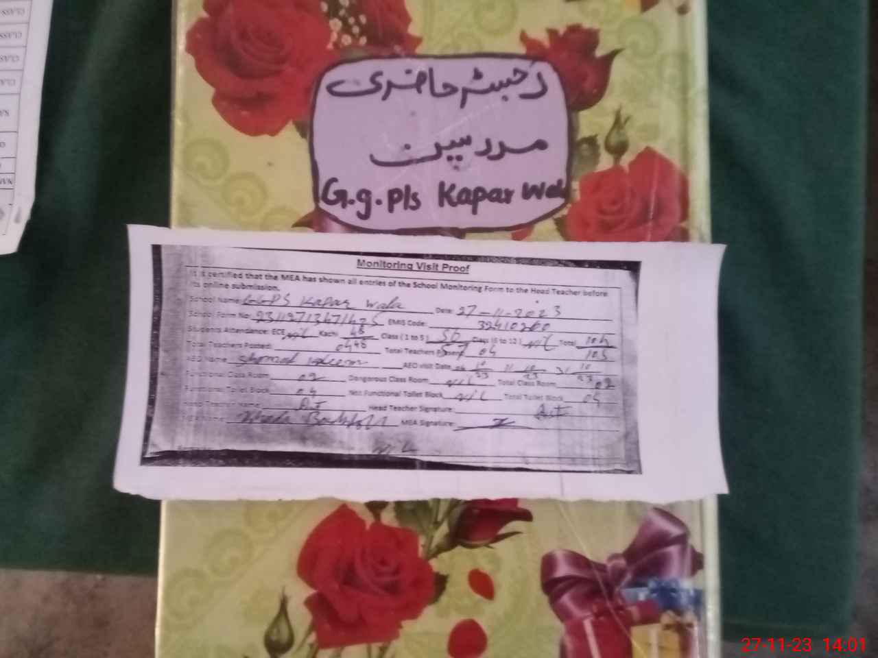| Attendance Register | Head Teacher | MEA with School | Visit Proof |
...
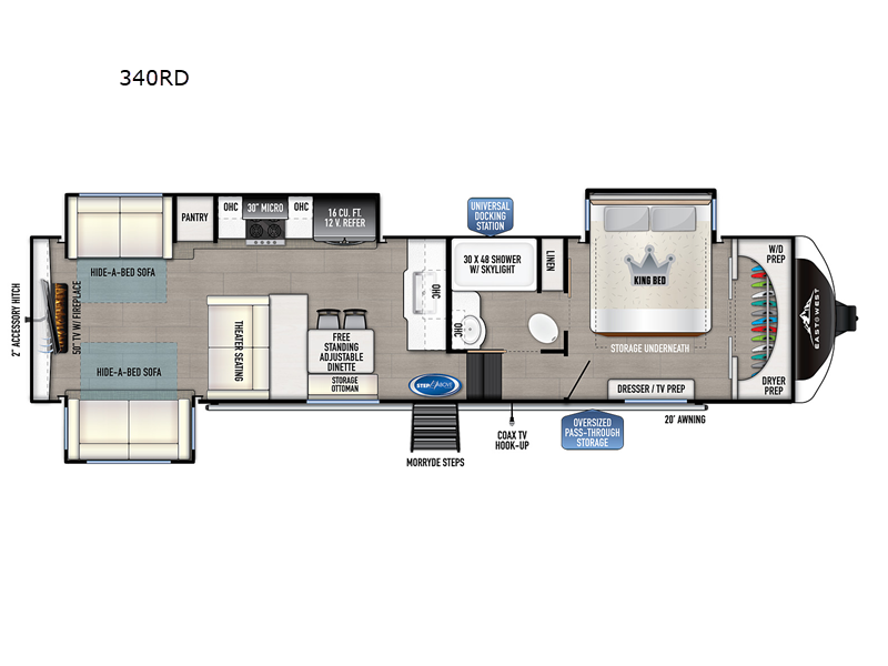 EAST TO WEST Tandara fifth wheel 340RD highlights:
--
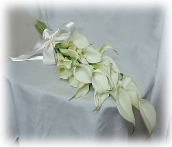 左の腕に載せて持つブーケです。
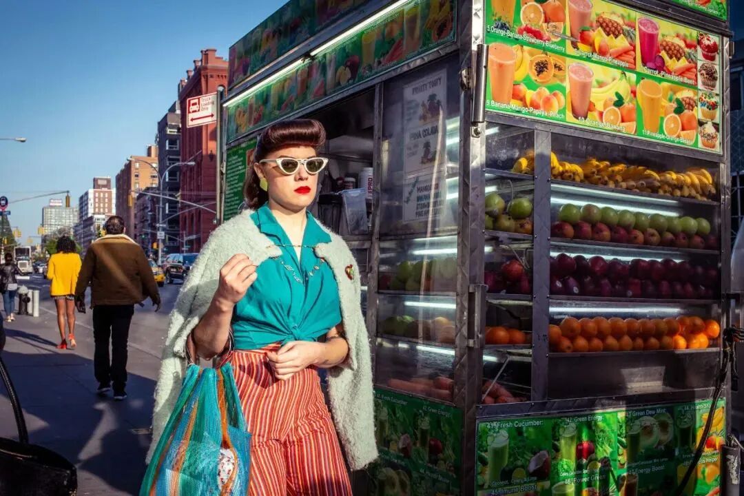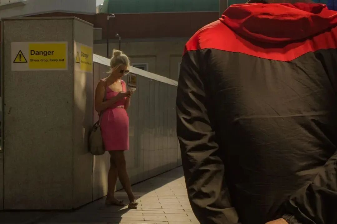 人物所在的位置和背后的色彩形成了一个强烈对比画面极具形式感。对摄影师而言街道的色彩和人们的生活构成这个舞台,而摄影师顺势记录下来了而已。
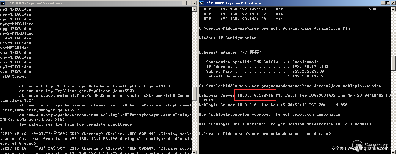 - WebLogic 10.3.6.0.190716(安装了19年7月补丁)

> _What you should do_: Using the data above, which lines fall from the one with "左の腕に載せて持つブーケです。" through the one with "- WebLogic 10.3.6.0.190716(安装了19年7月补丁)"? Repeat them exactly, ends included, minus any pictures.

> _Answer to this problem_:
 左の腕に載せて持つブーケです。
 人物所在的位置和背后的色彩形成了一个强烈对比画面极具形式感。对摄影师而言街道的色彩和人们的生活构成这个舞台,而摄影师顺势记录下来了而已。
 - WebLogic 10.3.6.0.190716(安装了19年7月补丁)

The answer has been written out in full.